§ Problem requirements:
Starting with the line that contains "本實(shí)施例如圖4所示", return every line through the end of the listing below exactly as written. Omit the pictures.

§ Data provided:
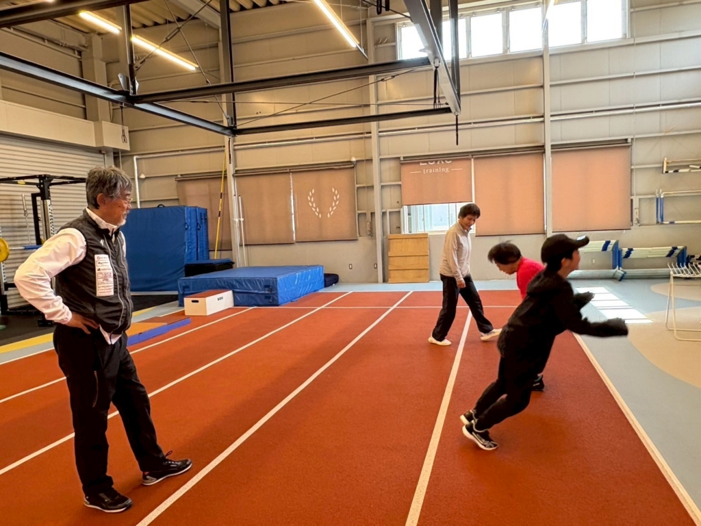 導入は、アブゾープジャンプで着地の際、音を消すジャンプです。イメージとしては、薄氷の上に乗っかる感じで、細心の注意をはらう必要があります。前後左右、両足、片足と無理のない範囲で取り組みました。「足がパンパン」と疲労を訴えながらも頑張っていらっしゃいました。
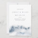 Elegant winter wedding save the date cards feature classic blue-grey lettering on a watercolor background of snow-covered hills dotted with pine trees in soft blues and greys. A chic choice for winter weddings in forest or mountain settings, these elegant flat save the date cards are easy to customise with your names, wedding date, wedding location, and website or an indication that a formal invitation will follow.
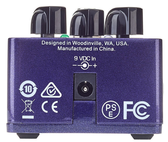 - Conectori: intrare (jack 6,3 mm) - ieșire (jack 6,3 mm) - conector de alimentare (conector de alimentare coaxial, 5,5 x 2,1 mm, pol negativ în interior)
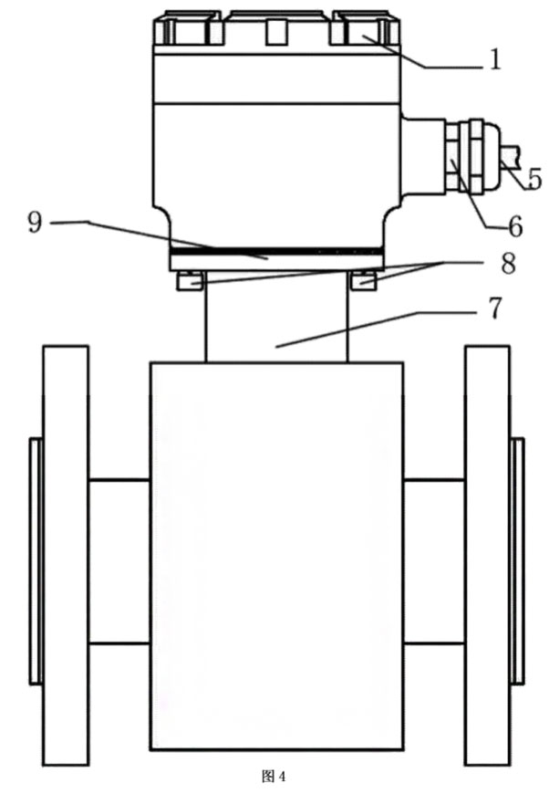 本實(shí)施例如圖4所示,分體接線盒用4只M6的螺釘8將殼體3與固定在流量傳感器7上端,売體3與傳感器7之間采用橡膠密封墊9密封。端子排7用兩個(gè)M4的螺釘固定在殼體內(nèi),接線端子通過連接電纜5,穿過安裝在売體上的格蘭頭6連接到變送器。分體蓋1通過螺紋擰緊在殼體3的上端,分體蓋1與殼體3的密封采用0型圏密封。使用時(shí)電纜與管道軸線方向一致,管道為垂直方向時(shí),電纜出線方向朝下,從而不會(huì)造成外部的液體流入殼內(nèi)。
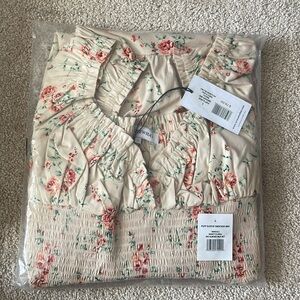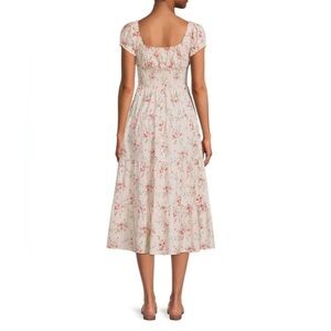 0306 - Puff Sleeve Smocked Midi Dress Dainty Floral Almond Milk

§ Answer:
 本實(shí)施例如圖4所示,分體接線盒用4只M6的螺釘8將殼體3與固定在流量傳感器7上端,売體3與傳感器7之間采用橡膠密封墊9密封。端子排7用兩個(gè)M4的螺釘固定在殼體內(nèi),接線端子通過連接電纜5,穿過安裝在売體上的格蘭頭6連接到變送器。分體蓋1通過螺紋擰緊在殼體3的上端,分體蓋1與殼體3的密封采用0型圏密封。使用時(shí)電纜與管道軸線方向一致,管道為垂直方向時(shí),電纜出線方向朝下,從而不會(huì)造成外部的液體流入殼內(nèi)。
 0306 - Puff Sleeve Smocked Midi Dress Dainty Floral Almond Milk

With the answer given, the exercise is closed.